Problem to work on
The listing below is to be written out word for word, minus its images.

Information shown
———

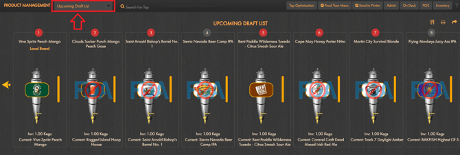The Upcoming draft list is where the future lineup of beers is initiated and for those that apply, print menus
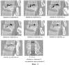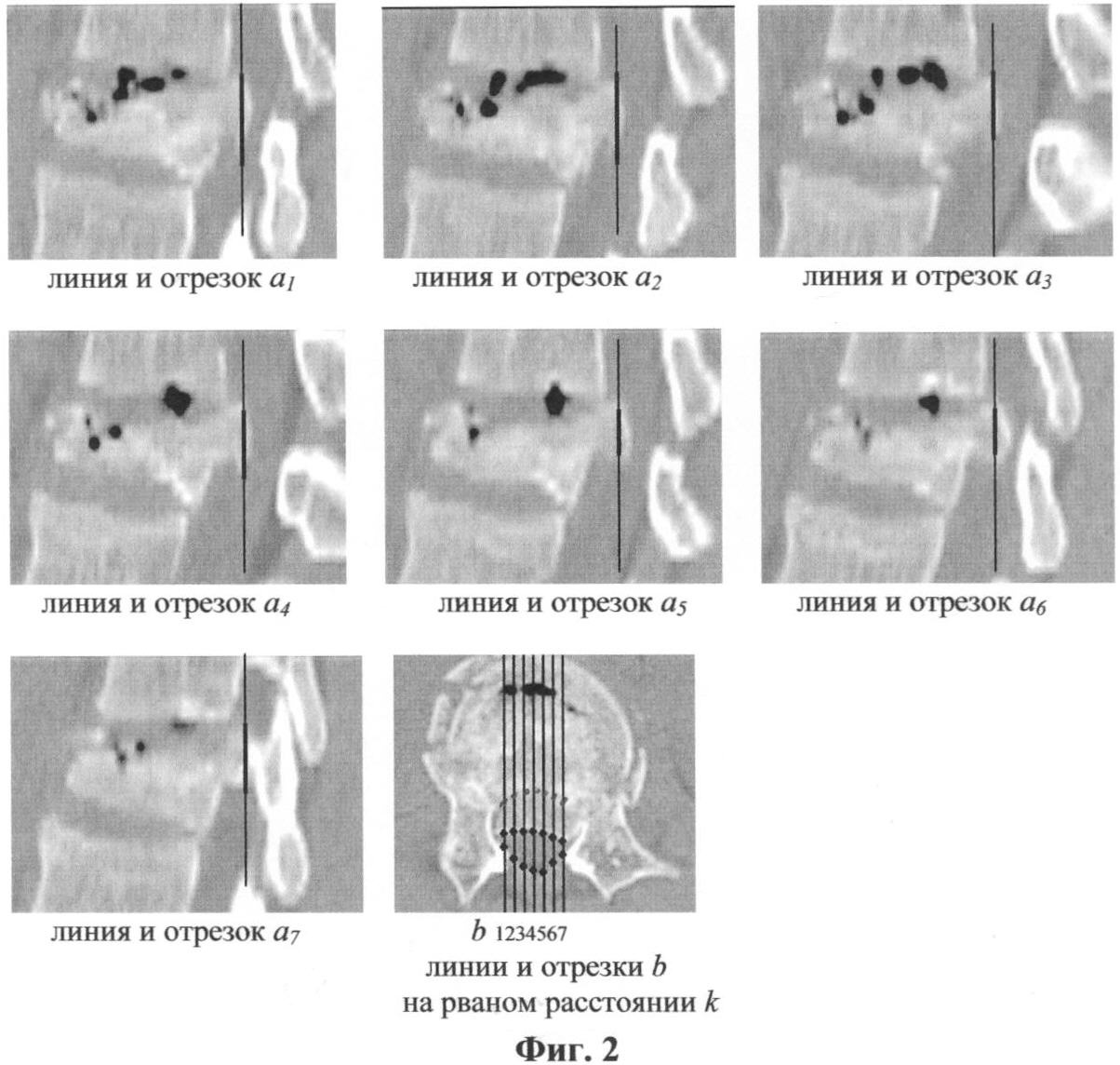 На Фиг.2 изображены продольные и аксиальные снимки поврежденного позвонка с построением линий и отрезков на них по контуру дефекта позвоночного канала.
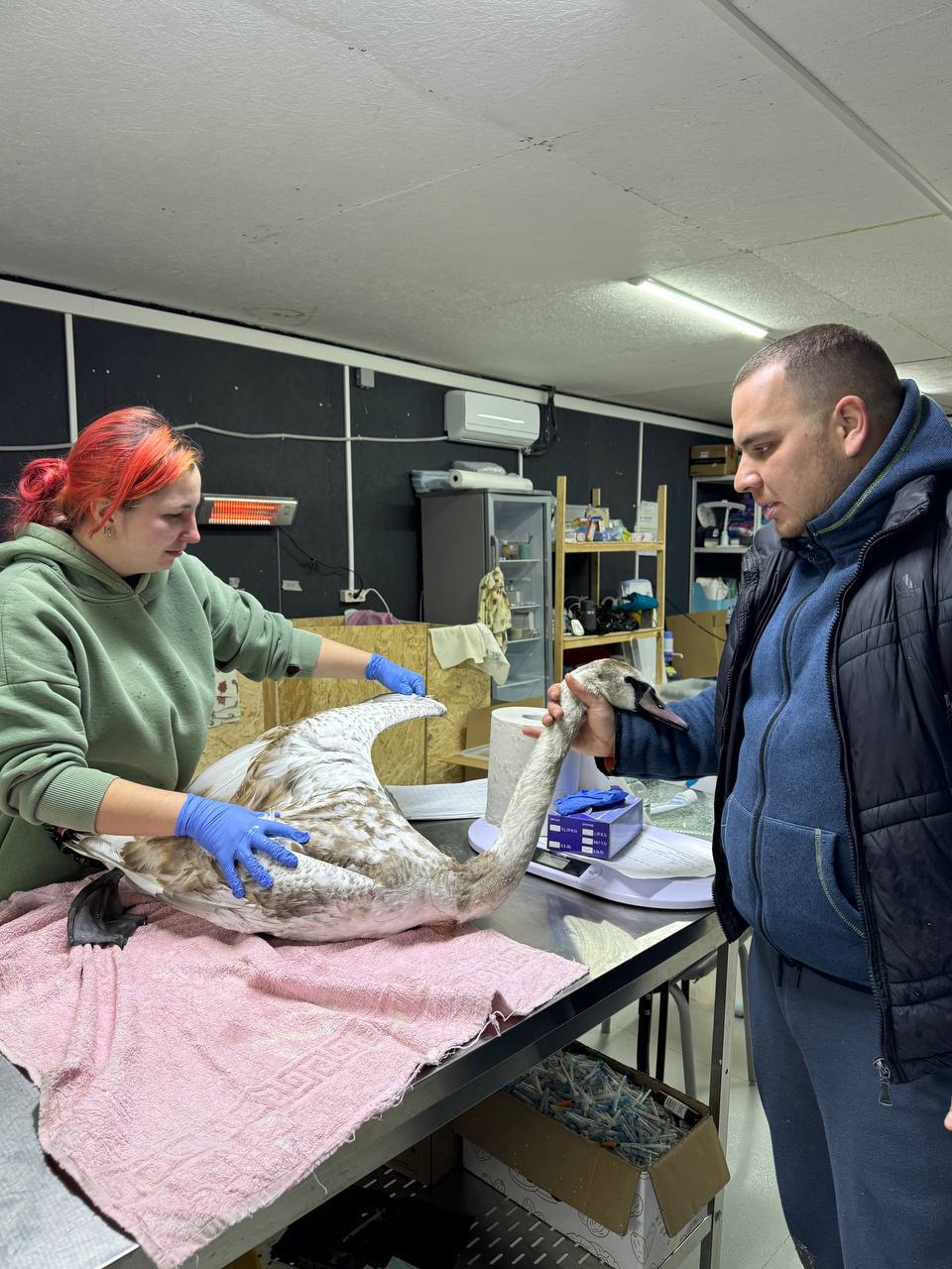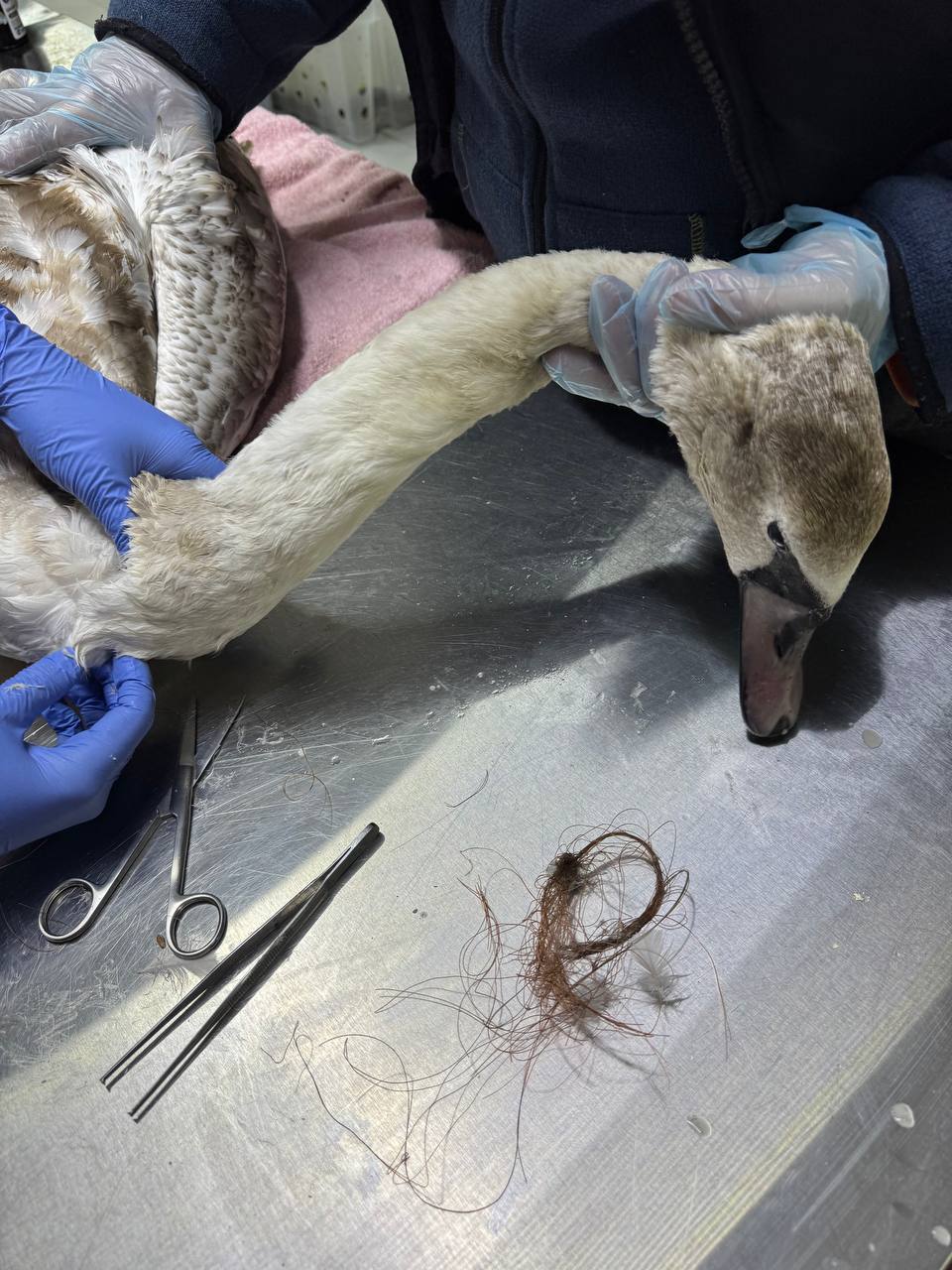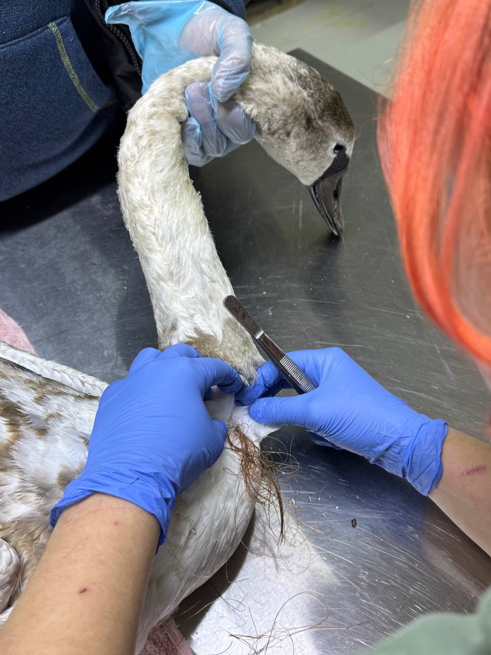 Специалисты осмотрели лебедя, аккуратно обрезали леску и обработали рану
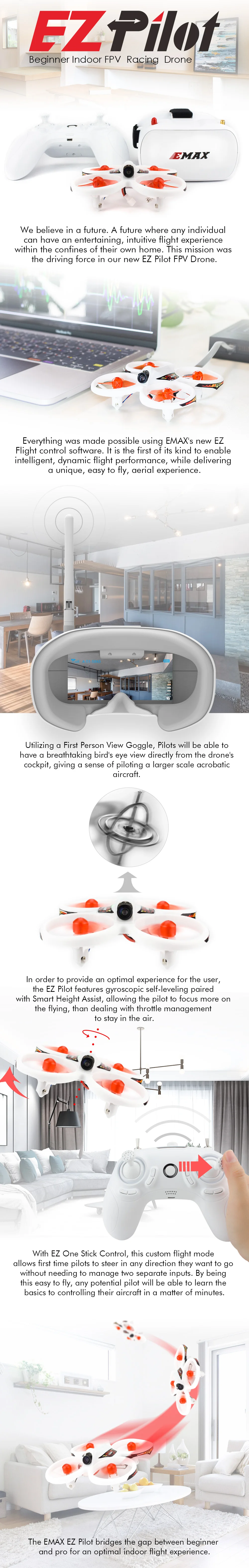 Используя очки с видом от первого лица, пилоты смогут иметь захватывающий вид с птичьего глаза прямо из кабины дрона, давая ощущение пилотирования более крупного акробатического самолета. Для того, чтобы обеспечить оптимальный опыт для пользователя, EZ Pilot имеет Гироскопический самонивелирующийся в сочетании с Умной помощи по высоте, позволяя пилоту больше фокусироваться на полете, чем дело с управлением дроссельной заслонки, чтобы оставаться в воздухе.

———

Answer for the task
The Upcoming draft list is where the future lineup of beers is initiated and for those that apply, print menus
 На Фиг.2 изображены продольные и аксиальные снимки поврежденного позвонка с построением линий и отрезков на них по контуру дефекта позвоночного канала.
 Специалисты осмотрели лебедя, аккуратно обрезали леску и обработали рану
 Используя очки с видом от первого лица, пилоты смогут иметь захватывающий вид с птичьего глаза прямо из кабины дрона, давая ощущение пилотирования более крупного акробатического самолета. Для того, чтобы обеспечить оптимальный опыт для пользователя, EZ Pilot имеет Гироскопический самонивелирующийся в сочетании с Умной помощи по высоте, позволяя пилоту больше фокусироваться на полете, чем дело с управлением дроссельной заслонки, чтобы оставаться в воздухе.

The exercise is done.